Reimbursement hang-up: Another coder, however, points out a potential payer problem that could arise from following the same-day exam and discharge interpretation. If you assume CPT restricts 99435 to admission day one, when you have a situation in which you examine and discharge a patient on day two, you will have to report two E/Ms (99431 and 99238-99239) on the same day, a combination that most insurers will deny, says Victoria S. Jackson, CEO of Southern Orange County Pediatric Association with 11 pediatric offices in California.

In fact, if you had to reserve 99435 for day one, you would hardly use the code. "Pediatricians rarely send a neonate home the day he's born," says Richard Tuck, MD, FAAP, a member of the AAP national committee on coding and nomenclature. "In addition, CPT's language, 'assessed and discharged ... on the same day,' supports performing those services on a day other than the hospital admission day."

Admission Refers to First Exam's Service Date

And indeed 99435 is appropriate on additional days. You should use the code anytime a pediatrician performs an "admit" and discharge on the same calendar day, says Linda Walsh, MAB, senior health policy analyst with the AAP Division of Health Care Finance and Practice. The problem, however, is that key term: admit.

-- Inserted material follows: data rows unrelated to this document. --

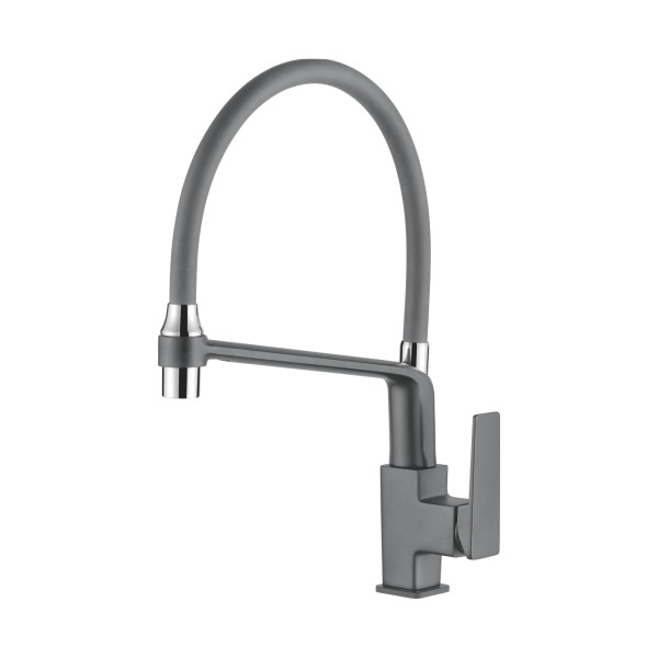 Высокий кухонный смеситель для мойки с гибким изливом. Гибкий излив фиксируется на специальном держателе, обеспечивая функционал стандартного смесителя. В таком положении излив имеет возможность поворота на 360°. Керамический картридж диаметром 35 мм обеспечивает напор воды, комфортный для мыться посуды. Выполнен смеситель из латуни.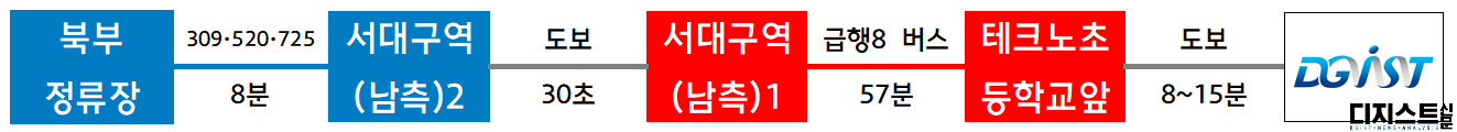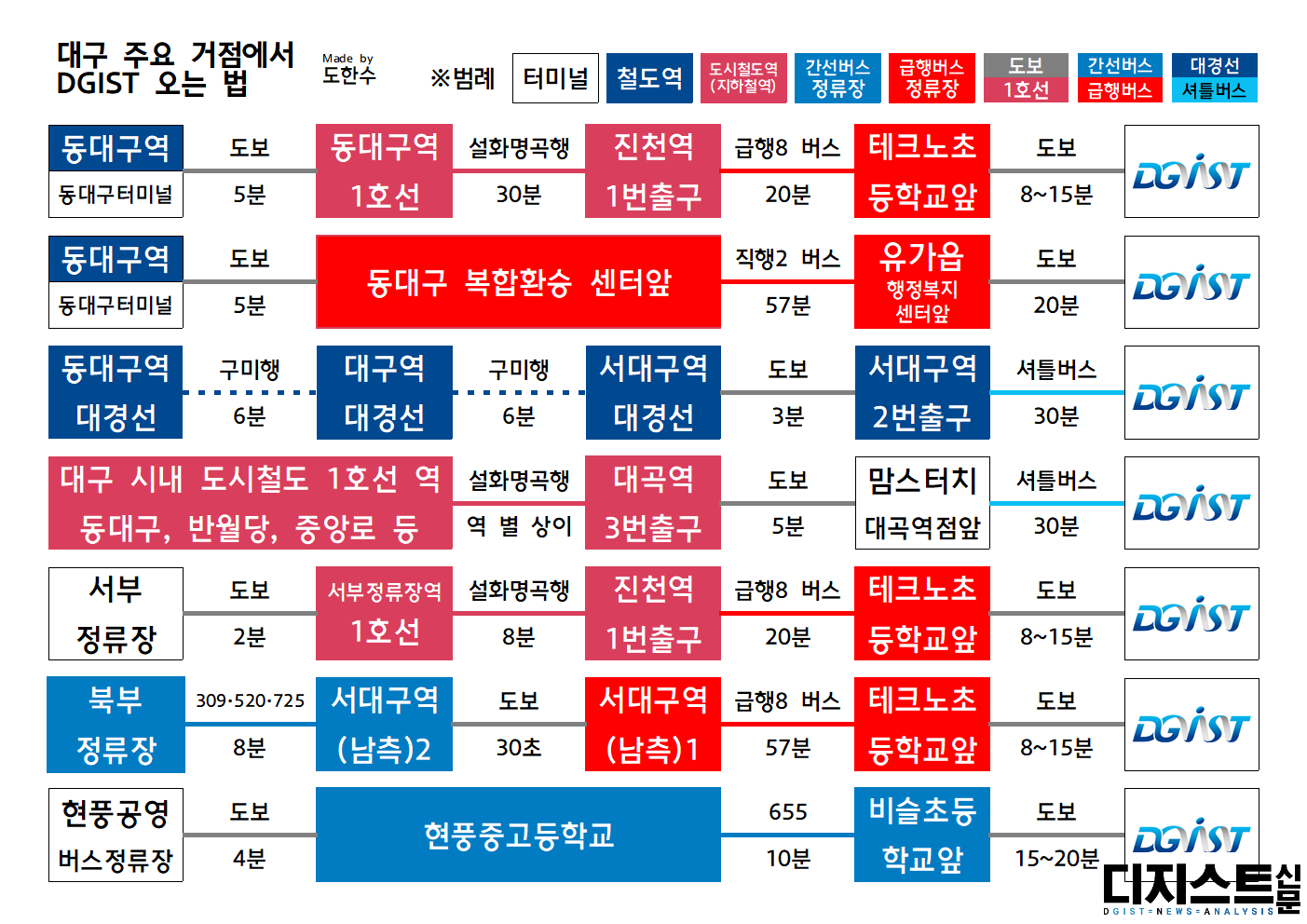 신학기를 맞아 DGIST를 찾는 이들을 위해, 차 없이 대중교통으로 캠퍼스에 도착하는 방법을 정리했다.
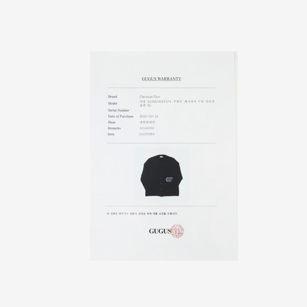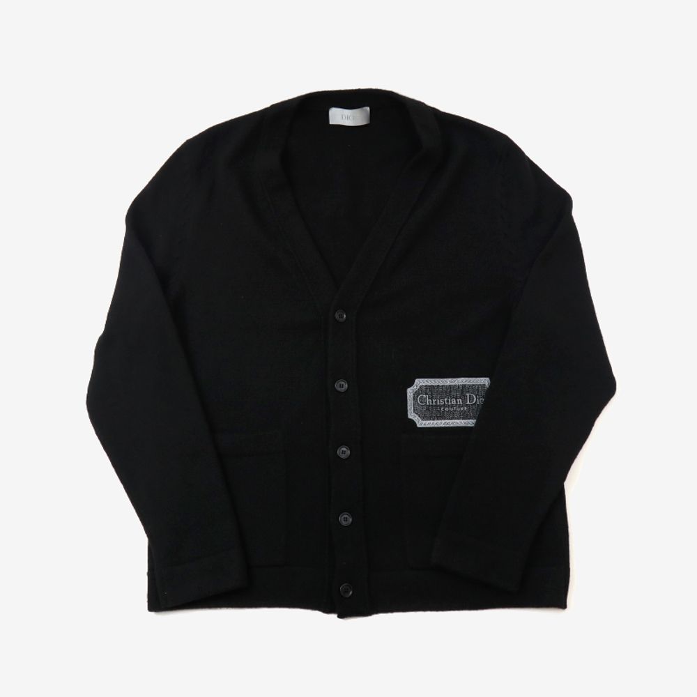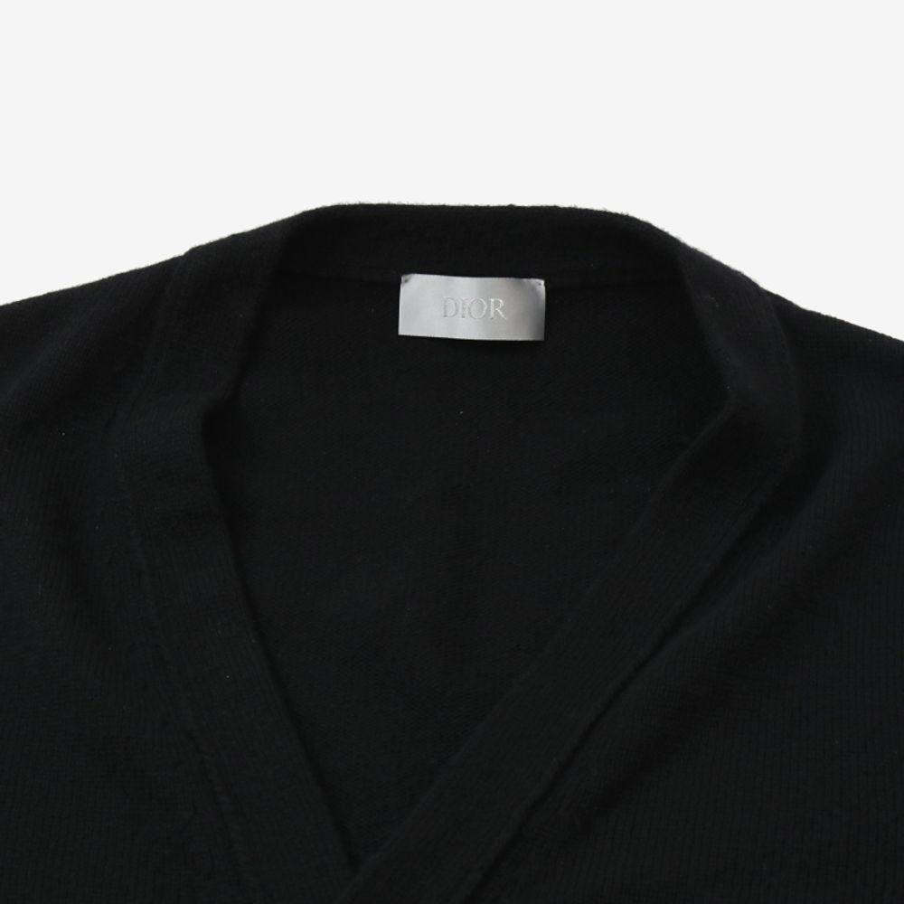 (중고명품의류)디올 243M230AT474 꾸뛰르 캐시미어 V넥 가디건 블랙 XL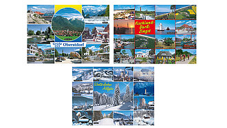 Drei Ansichtskarten im Set: mit großer Deutschland-Bilderauswahl, am Meer, in den Bergen und Landschaften im Schnee.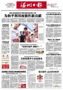 ――温州日报作为市委机关报和报业集团的核心报纸,是温州地区唯一的大报,将紧紧围绕市委的中心工作,当好喉舌,宣传政策,引导舆论,服务人民。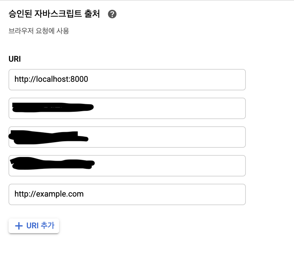 아까 생성했던 Google Cloud Platform - API 및 서비스 - 사용자인증번호에서 OAuth 2.0 클라이언트에 가서 사용하려는 서버의 주소를 아래의 example.com처럼 더해주고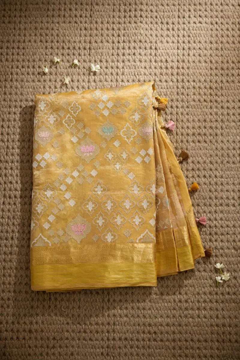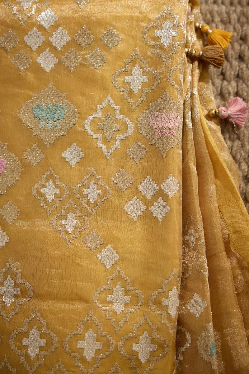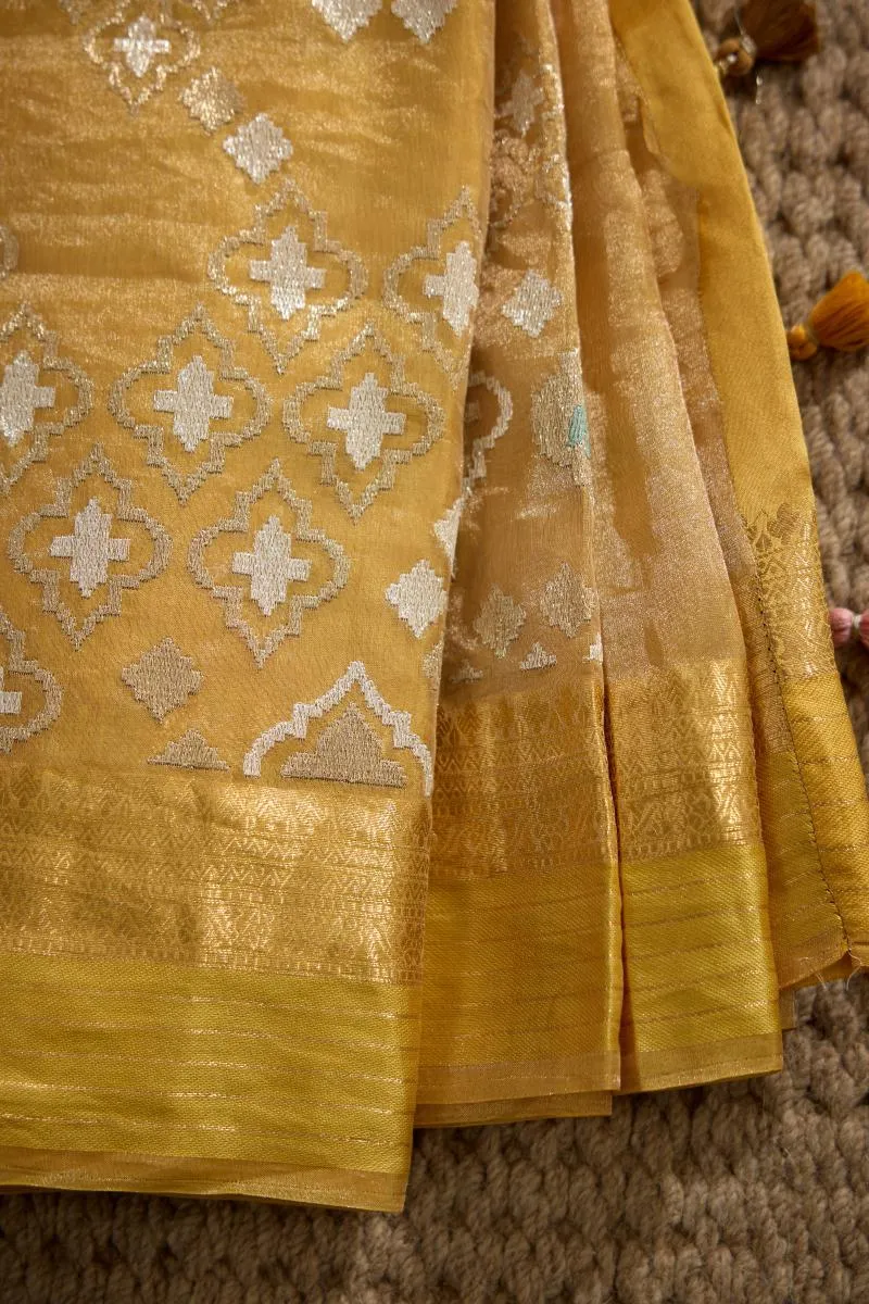 Mustard Yellow Organza Tissue Saree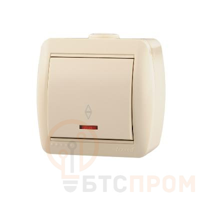 Переключатель проходной 1-кл. ОП Nata 10А с подсветкой крем. LEZARD 710-0300-114 фото в каталоге от BTSprom.by

Rethink "admit" definition: Patients and physicians interpret the admit day differently. A patient considers the admission day to be the day he enters the hospital. For a newborn, the admission day is the day he is born. But a physician counts the admit day as the day she first sees the infant in the hospital.

Which day should you use when determining if a physician performed a same-day admit and discharge? "Coding is always from the perspective of the reporting physician and not the patient," Walsh says. So you should use the day the pediatrician first sees the inpatient as the admission day. Then, if the physician also discharges the newborn on the same day, you should report 99435.

Scenario answer: In the case study, because the admit and discharge occur on the same calendar day, you should report 99435 for both pieces of work. Even though the patient is born on day one (patient's admit day), the pediatrician doesn't see the neonate to perform the exam until day two (coding admission day) on which day she also discharges the patient.